Culturally in this country, our attitude toward death is one of denial; we’d just as soon not talk about it. When we must talk about it we are inclined to avoid the word and use terms such as “passed away” or even just the word “passed”.
I read recently that the vast majority of Americans fail to plan for their death in matters such as life insurance, wills, estate planning and other related matters.
Oddly, though, at the same time we have a national propensity for creating folk heroes of those who are dead. Their images appear on our money, our postage stamps, in our toy stores and in all forms of our media. In some sense, they “live on forever.”
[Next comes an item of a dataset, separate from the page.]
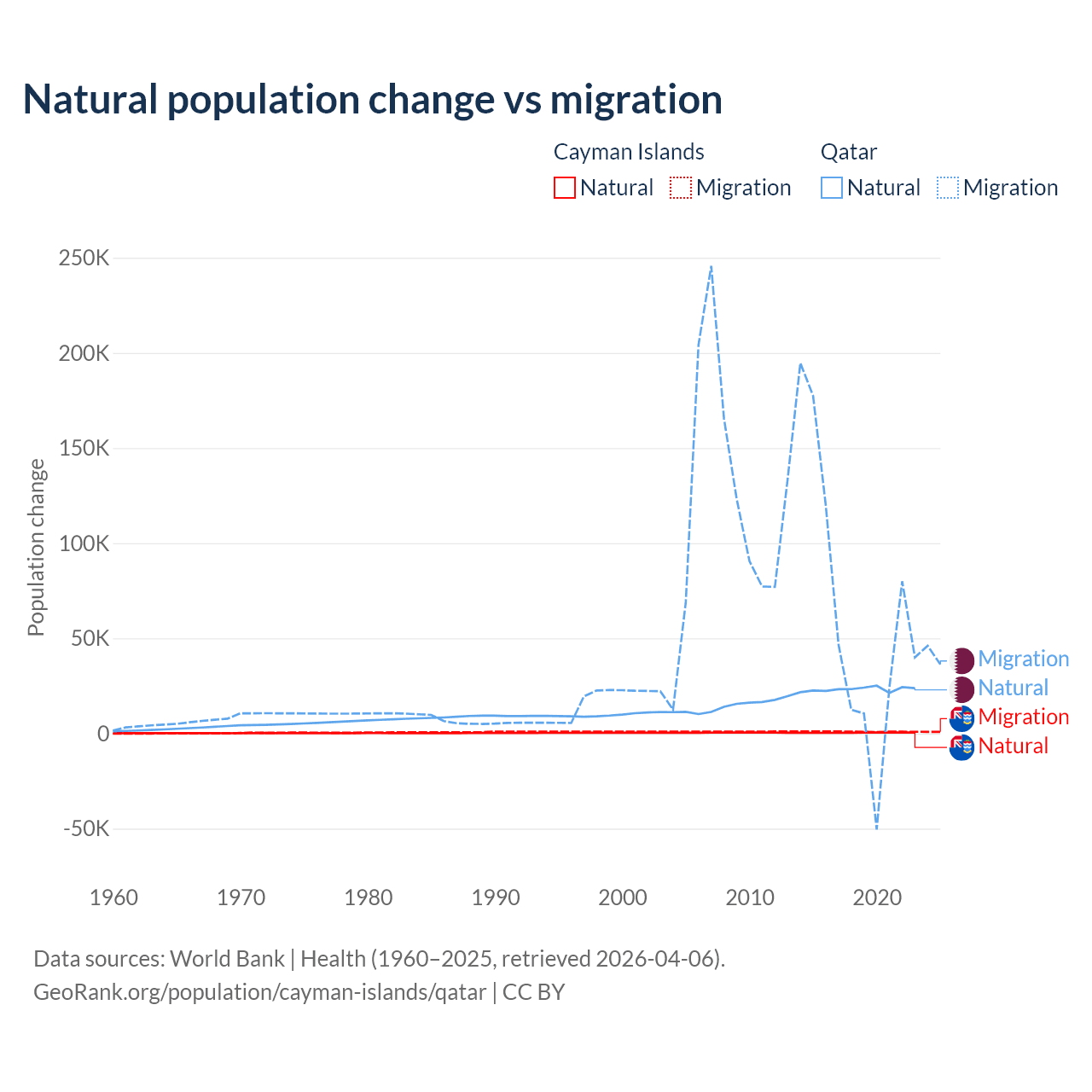 Over the last 10 years, 31.1% of the population change in the Cayman Islands is from natural causes (a gain of 4,468 people) and 68.9% is from migration (a gain of 9,879 people). In Qatar 26.1% is from natural causes (a gain of 232,009 people) and 73.9% is from migration (a gain of 655,712 people).

The Scripture says, “it is appointed unto man once to die, and then the judgment”. That statement from Hebrews 9.27 is filled with tones of certainty, finality, inevitability … We may try to ignore it, deny it and avoid its reality but, we know it intuitively. Experience confirms it.
Over long years of ministry as a Pastor, I had the opportunity to see first-hand and close up how different individuals faced death … that of friends and loved ones … and their own as well. I’ve seen everything from un-controlled hysteria, detached stoicism, riotous celebration, and drunken defiance to calm and confident assurance.
My ambition (and yours as well, I hope) is to let the words of Frances Havergal frame my perspective on death:
“From Glory unto Glory!” Our faith hath seen the King. We own His matchless beauty, adoringly we sing; But He hath more to show us! O thought of untold bliss! And on we press rejoicing in blessèd hope to this:— To marvelous outpourings of ‘treasures new and old,’ To largess of His bounty, paid in the King’s own gold, To glorious expansion of mysteries of grace, To radiant unveilings of brightness from His face.